The importance of healthy eating for our well-being is scientifically proven and having a varied diet goes without saying. Part of this is the so-called superfoods, which are exploding in popularity because of their antioxidant and anti-inflammatory properties, even if we must pay attention to sensationalist promises. In 2007 the EU banned the use of "superfood" on labels without a health claim that’s “clear, accurate and based on scientific evidence”, explaining why the food is good for the health of consumers.
Some superfoods appear quite exotic, things like Goji berries, quinoa or algae. Many companies are testing out new recipes, including these ingredients, to what Western palates. Take the Irish start-up Seamore, for example. At this year’s edition of Seeds & Chips, a global food innovation summit, the company presented reinterpretations of traditional foods like Italian “tagliatelle” or English bacon, replacing pasta and pork with marine algae.
Founder and CEO Willem Sodderland explained that “in essence, seaweeds are a vegetable, but they contain nutrients absent in most vegetables, like Iodine and Omega-3. Indeed, fish get their Omega-3 from seaweed.” The three cold-water seaweeds studied by the start-up, namely the brown Himanthalia, the red Palmaria Palmata, which tastes like bacon, and the most known green variety have very little fat.

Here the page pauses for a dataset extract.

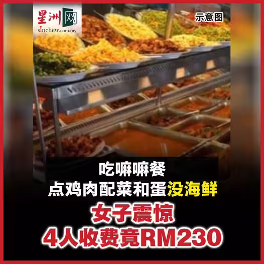 嘛嘛餐叫普通餐點沒海鮮 女子震驚4人收費竟RM230

“There is a lot of isolated scientific research about the nutrition of seaweed, for example finding a connection between Japanese people becoming very old and the way they use algae,” said Sodderland. “Moreover, it is supposed that seaweed is able to change and create a better gut flora, which is essential for the absorption of all other nutrients. Unfortunately, outside Asia, seaweed is such an unknown food that scientific research has only just started.”
Don’t be fooled into thinking that superfoods are big and bulky. On the contrary, foods will be smaller and smaller in the future, because it is easier to assimilate. Some foods are called “super” because they are nutritionally dense and particularly rich in nutrients.
Bugs are some of the small superfoods – and are listed among the new worldwide trends.
But in Europe right now, only Belgium, Denmark, The Netherlands and the UK permit marketing and consumption of insects.
“Insects are nutritious and tasty, similar to crustaceans,” says Marco Ceriani, founder of the Italian start up Italbugs, “But the future of nutrition will not be about putting insects directly into your mouth as in Asian countries, rather using flours produced from insects.”
Insect food is hyper-proteinaceous. It is difficult to think that it will become competitive with other traditional food, but it could probably make it to market in specific areas such as sports-food, nutraceuticals, and animal nutrition. “Among our products, there is an insect powder containing 50 percent protein, consisting of crickets and flour larvae, packaged in ingestion capsules with beetroot and maca root,” says Ceriani.
The company also produces a “panettone” (traditional sweet bread loaf from Italy) made with silkworm flour. "It is called Panseta and contains up to 75 percent protein, thanks to a special flour produced with cooked silkworm”. It is the world's first experimental bread made with silkworm, with a reduced amount of fat. In the production process, the caterpillar is baked while still inside the bug, without ruining the silk cocoon.
Beyond “foreign” and experimental foods, there are many traditional foods that can be considered “super”. “Lentils, chickpeas, tomatoes, whole wheat, berries, nuts, yogurt, and sardines are among the superfoods that we should eat frequently,” explains nutritionist biologist Elisabetta Bernardi, who collaborates with the well-known Italian scientific program Superquark.